### WHAT IS REQUIRED
No pictures belong in the copy. Retype exactly, and only, the stretch of lines below from the one with "晾曬在碧城鎮西山村委會的蘿卜(1月9日攝)。新華網發(張蕓慧 攝)" through the one with "Funda de Cuero".

==== EXTRACTED MATERIAL

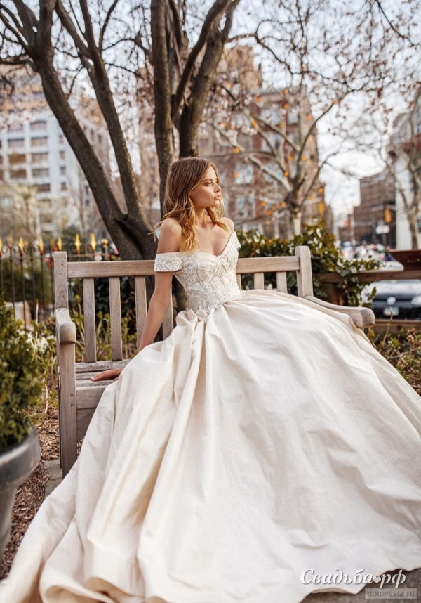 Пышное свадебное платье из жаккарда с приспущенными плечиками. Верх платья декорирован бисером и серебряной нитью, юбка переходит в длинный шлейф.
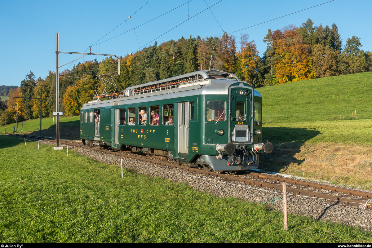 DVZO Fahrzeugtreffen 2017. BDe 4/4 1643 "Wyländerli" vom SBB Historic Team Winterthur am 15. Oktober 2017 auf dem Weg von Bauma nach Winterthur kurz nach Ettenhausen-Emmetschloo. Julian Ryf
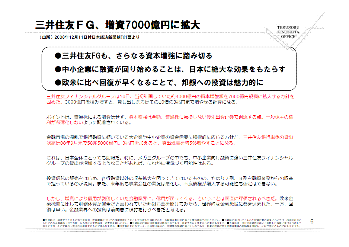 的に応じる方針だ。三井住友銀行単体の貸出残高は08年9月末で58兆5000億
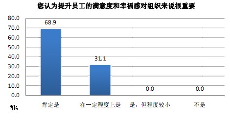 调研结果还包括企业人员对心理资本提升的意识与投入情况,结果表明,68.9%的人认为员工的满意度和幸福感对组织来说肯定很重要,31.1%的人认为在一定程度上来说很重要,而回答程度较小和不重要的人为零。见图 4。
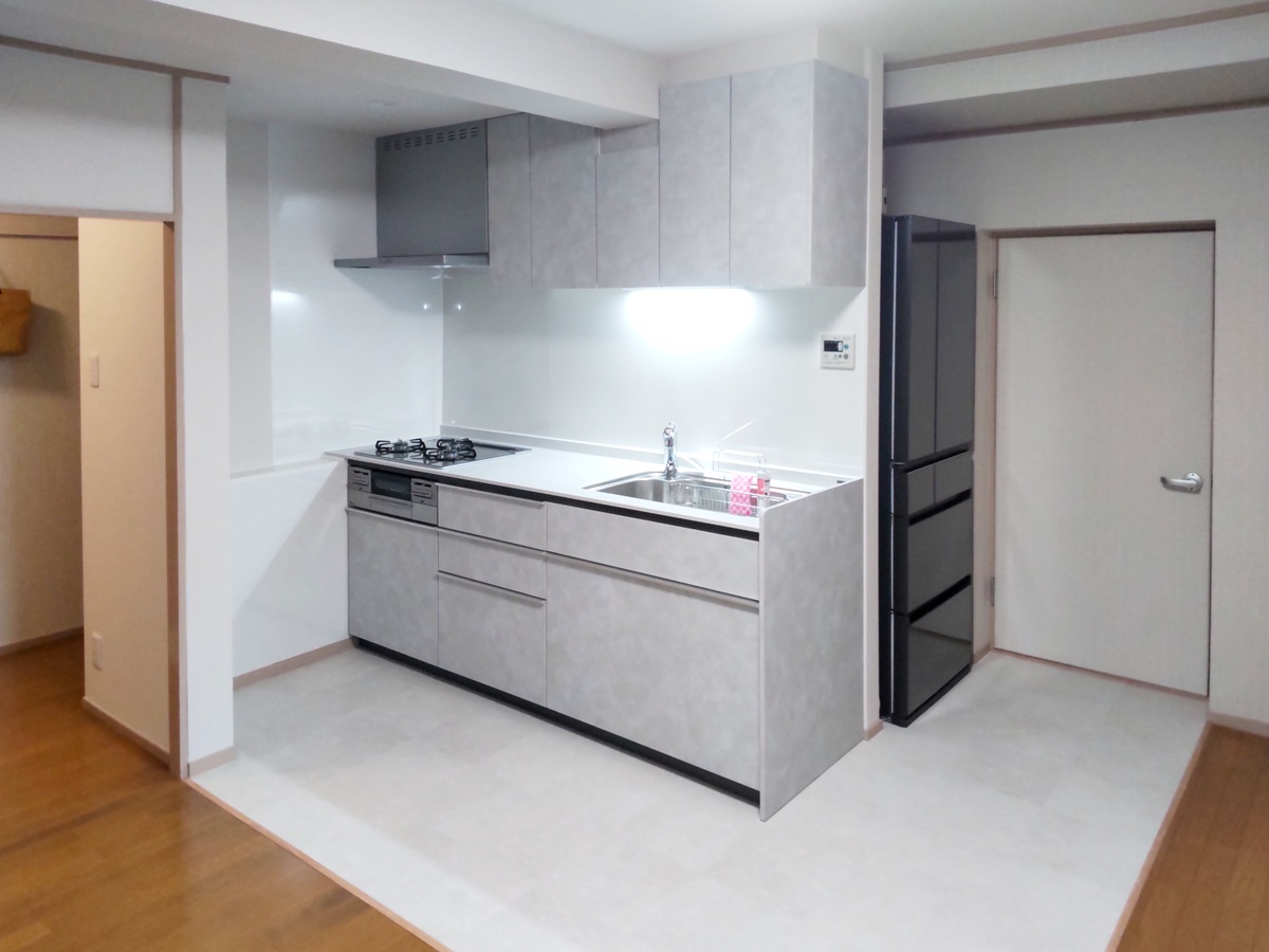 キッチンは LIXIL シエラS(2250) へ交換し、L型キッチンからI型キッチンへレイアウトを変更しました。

========
==== EXTRACTED MATERIAL

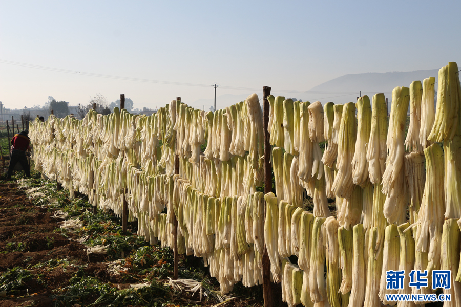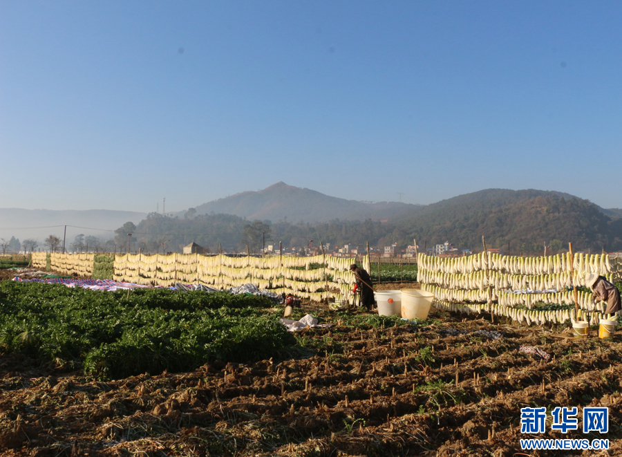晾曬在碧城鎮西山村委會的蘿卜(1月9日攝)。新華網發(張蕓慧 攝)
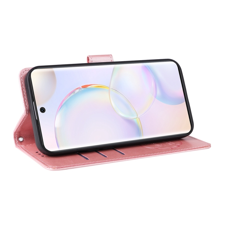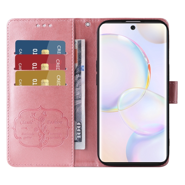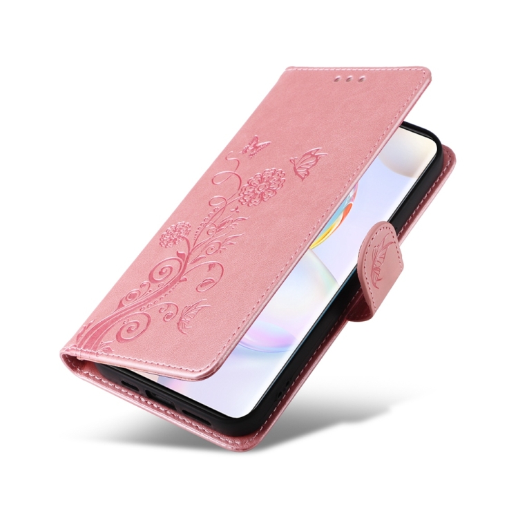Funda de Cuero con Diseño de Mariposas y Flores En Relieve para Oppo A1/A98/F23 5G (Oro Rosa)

========

### ANSWER TO THIS TASK
晾曬在碧城鎮西山村委會的蘿卜(1月9日攝)。新華網發(張蕓慧 攝)
Funda de Cuero con Diseño de Mariposas y Flores En Relieve para Oppo A1/A98/F23 5G (Oro Rosa)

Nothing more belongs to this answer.